Requirements = (CPU_Experiment == "astro")
Initialdir = /astro/u/username/condor
Executable = test.sh
Output = test.out
Error = test.err
Log = test.log
Queue
Of course, replace username with your username and make Initialdir point to
one of your directories. Initialdir will be the default directory for files
if you don't explicitly give full paths, e.g. test.out will go there.
Anything can go into the test.sh script, but you must make sure it is executable
chmod 755 test.sh
The standard output goes to test.out, standard error to test.err, and a log of condor
events goes to test.log
You can make as many of these scripts and condor submit files as you want and run
them all on the cluster. For example, if you have a bunch of scripts called myscript-XX.sh
where XX is a number like 00,01,02,03,04 to 99, you can have a corresponding set of condor submit
scripts called myscript-XX.condor. Then to submit them all
for i in $(seq -w 0 99); do condor_submit myscript-${i}.condor; done
MPI Jobs
MPI jobs are special.
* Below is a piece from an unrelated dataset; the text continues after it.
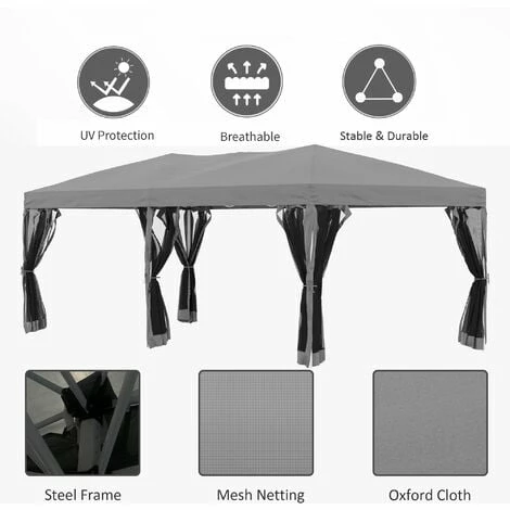 Grab your favourite drink and enjoy the shade of freedom with this Outsunny 3m x 6m gazebo with sides. The sturdy frame adds a durable place for you to relax in the shade. This garden shelter is perfect for any occasion such as family gatherings, picnics, camping or tailgates. The mesh sidewalls make it great for keeping comfortable in, and you can enjoy the outdoors even if the sun goes down. Save time to set up, you will have more time to enjoy yourself with stylish Outsunny pop up gazebo.

See http://en.wikipedia.org/wiki/Message_Passing_Interface for a definition of MPI.
To run an MPI job, first start an mpd ring, then submit the job using condor_submit {job_script}. Now, the
job script is different from the serial one. An intermedium script, which collects all the information needed
by the mpiexec command and sets up the necessary environment, is passed to the condor job script as
the Executable. The real executable for the job is passed as Arguments to the condor Executable
(the intermedium script). Luckily, Tom has made it easy for us and wrote the intermedium script. It is
attached as mp2script.sh. The job_script is attached as submitMPI.condor. To submit the job, all you
need to do is editing the file submitMPI.condor and run
condor_submit submitMPI.condor
One more note, currently, jobs are submitted from lsst01 (the head node). In the near future, when
lsst01 retires, astro0034 will take its place. The migration has been finished, so now astro0034 is the master.